Het strafrechtelijk faillissementsrecht kent al langer de figuur van de feitelijke bestuurder, een persoon die, hoewel zonder formele benoeming, de failliete vennootschap in de praktijk leidt. Met arrest nr. 8568 van 12 december 2024, gedeponeerd op 3 maart 2025, herhaalt het Hof van Cassatie een principe met grote praktische impact: wanneer de vennootschap reeds inactief is en op weg naar faillissement, is de enige echte maatstaf om de kwalificatie van feitelijke bestuurder toe te kennen, de voortzetting van de rol van dominus door de voormalige formele bestuurder. Een uitspraak die analyse verdient, ook in het licht van de artikelen 216 en 223 van de Faillissementswet en eerdere jurisprudentie.
De artikelen 216 en 223 van de Faillissementswet regelen respectievelijk het eenvoudige en het frauduleuze bankroet, waarbij de strafbaarheid wordt uitgebreid tot "iedereen die heeft bijgedragen aan de neergang" en meer in het bijzonder tot bestuurders, algemeen directeuren, vereffenaars en "zij die de beheersbevoegdheden feitelijk hebben uitgeoefend". Juist deze laatste uitdrukking heeft de jurisprudentie in staat gesteld de categorie van de feitelijke bestuurder te ontwikkelen.
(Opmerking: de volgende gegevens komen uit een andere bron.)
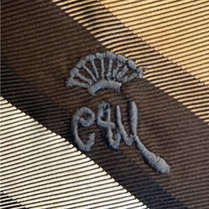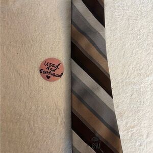 Enhance your wardrobe with this elegant brown and gray striped tie. Ideal for formal events, it adds a touch of sophistication to any outfit.

Reeds met Cass. nr. 2514/2024 had het Hof verduidelijkt dat de vaststelling geen overeenkomst met het vennootschapsorgaan vereist, maar het bewijs van een voortdurende en significante beheersbevoegdheid. De nieuwe uitspraak sluit hierbij aan, maar behandelt het specifieke scenario van een vennootschap die niet langer operationeel is.
Inzake faillissementsdelicten, wanneer de beëindiging van het mandaat van de formele bestuurder plaatsvindt in de fase van inactiviteit van de vennootschap omdat deze op weg is naar faillissement, vertaalt het bewijs van de positie van feitelijke bestuurder zich in dat van de rol van "dominus" die ook na de formele benoeming van de nieuwe bestuurder behouden blijft, aangezien de vaststelling van symptomatische elementen van organische inbedding - met betrekking tot de relaties met werknemers, leveranciers of klanten of met enig managementgebied - in een entiteit die juridisch gezien alleen formeel nog bestaat, niet denkbaar is.
De passage benadrukt dat, bij gebrek aan reële bedrijfsactiviteit, de traditionele indicatoren (contracten, interne richtlijnen, marktrelaties) die doorgaans het feitelijke beheer bewijzen, niet kunnen bestaan. Alleen de verificatie van wie concreet de doorslaggevende beslissingen van het faillissement blijft dicteren, blijft dus over.
In de zaak had de beklaagde D. S. ontslag genomen en was hij vervangen door een nieuwe formele bestuurder. Het Hof van Beroep van Rome, bevestigd door Cassatie, oordeelde echter dat de beklaagde de substantiële controle over cruciale beslissingen had behouden, met name met betrekking tot het beheer van het resterende vermogen en de relaties met de curator.
Het Hof acht het gegeven van de "dominus" dus voldoende, en gaat voorbij aan de noodzaak van meerdere indicatieve aanwijzingen die vereist zijn in gevallen van operationele vennootschappen.
De uitspraak biedt duidelijke richtlijnen voor wie zich bezighoudt met vennootschapsrecht en bedrijfsherstructurering:
Met beslissing nr. 8568/2024 versterkt Cassatie een tendens die transparantie in bedrijfsherstructureringen beschermt: de voormalige bestuurder die de macht blijft uitoefenen, blijft strafrechtelijk aansprakelijk, zelfs als de vennootschap geen economische activiteit meer verricht. Een les die klinkt als een waarschuwing voor degenen die, door middel van louter formele ontslagen, hopen de gevolgen van faillissementsdelicten te ontlopen.